TASK OBJECTIVE :: Transcribe exactly, please, the lines from the one containing "The obverse of" through the end of the records below, and leave out the pictures.

RECORDS TO PROCESS ::
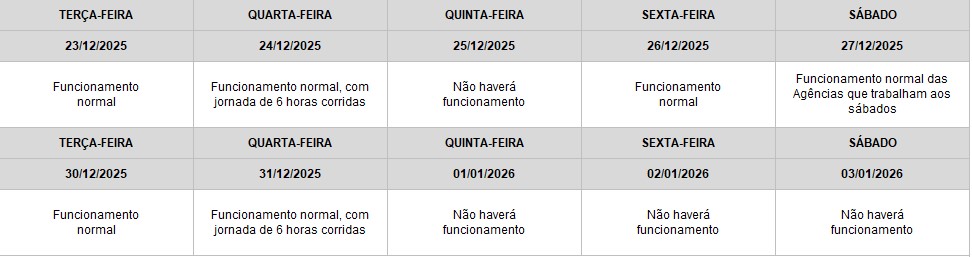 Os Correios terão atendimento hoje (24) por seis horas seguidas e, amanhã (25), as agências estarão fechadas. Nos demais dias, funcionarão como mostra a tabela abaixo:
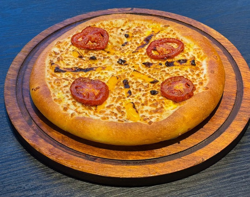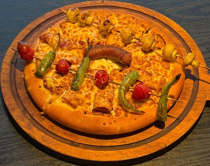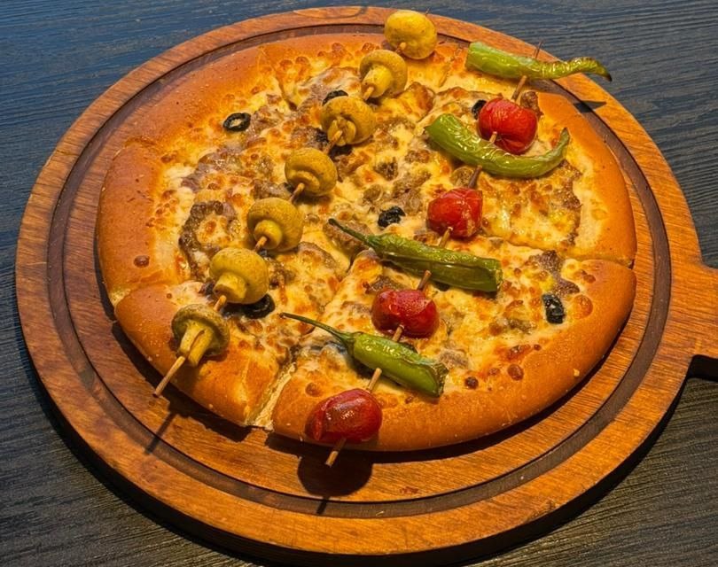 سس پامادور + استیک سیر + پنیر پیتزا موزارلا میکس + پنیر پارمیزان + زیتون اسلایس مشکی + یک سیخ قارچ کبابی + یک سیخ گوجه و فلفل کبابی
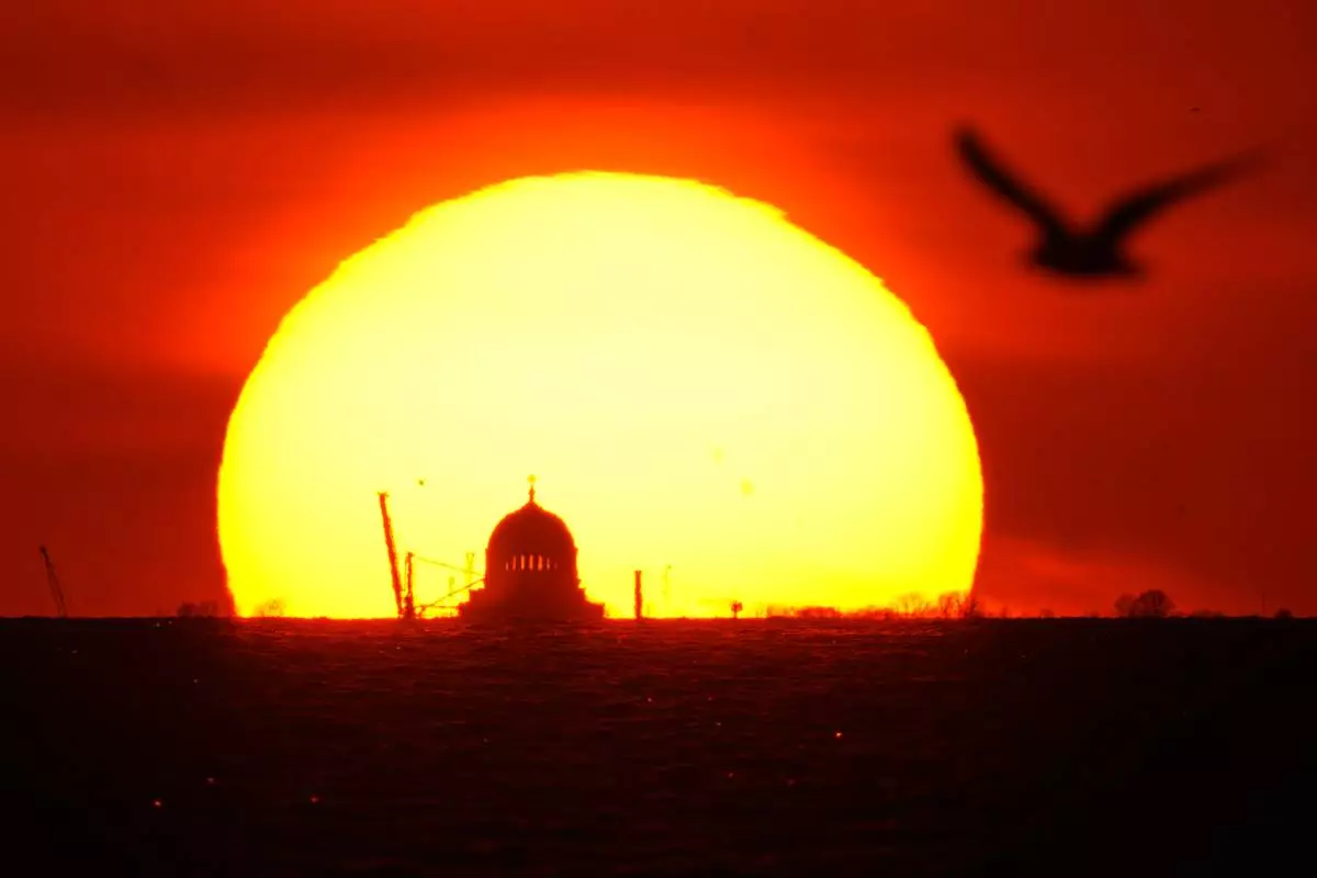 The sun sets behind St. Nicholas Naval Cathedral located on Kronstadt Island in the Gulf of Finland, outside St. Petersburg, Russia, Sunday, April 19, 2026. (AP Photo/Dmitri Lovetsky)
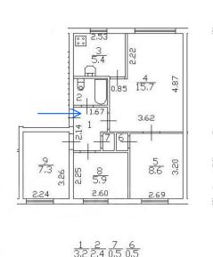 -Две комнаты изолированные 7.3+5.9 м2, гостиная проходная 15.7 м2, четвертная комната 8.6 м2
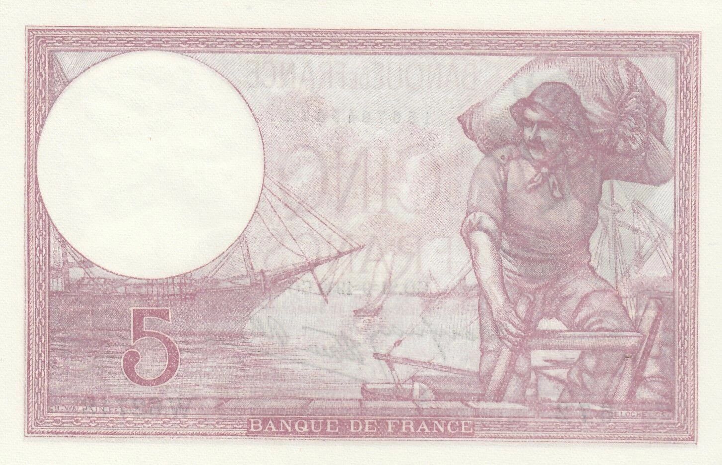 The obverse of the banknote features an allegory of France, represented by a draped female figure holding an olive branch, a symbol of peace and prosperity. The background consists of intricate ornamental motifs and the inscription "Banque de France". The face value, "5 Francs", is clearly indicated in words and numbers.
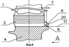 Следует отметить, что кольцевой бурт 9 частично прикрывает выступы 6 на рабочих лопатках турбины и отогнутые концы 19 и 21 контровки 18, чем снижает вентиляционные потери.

ANSWER AREA ::
 The obverse of the banknote features an allegory of France, represented by a draped female figure holding an olive branch, a symbol of peace and prosperity. The background consists of intricate ornamental motifs and the inscription "Banque de France". The face value, "5 Francs", is clearly indicated in words and numbers.
 Следует отметить, что кольцевой бурт 9 частично прикрывает выступы 6 на рабочих лопатках турбины и отогнутые концы 19 и 21 контровки 18, чем снижает вентиляционные потери.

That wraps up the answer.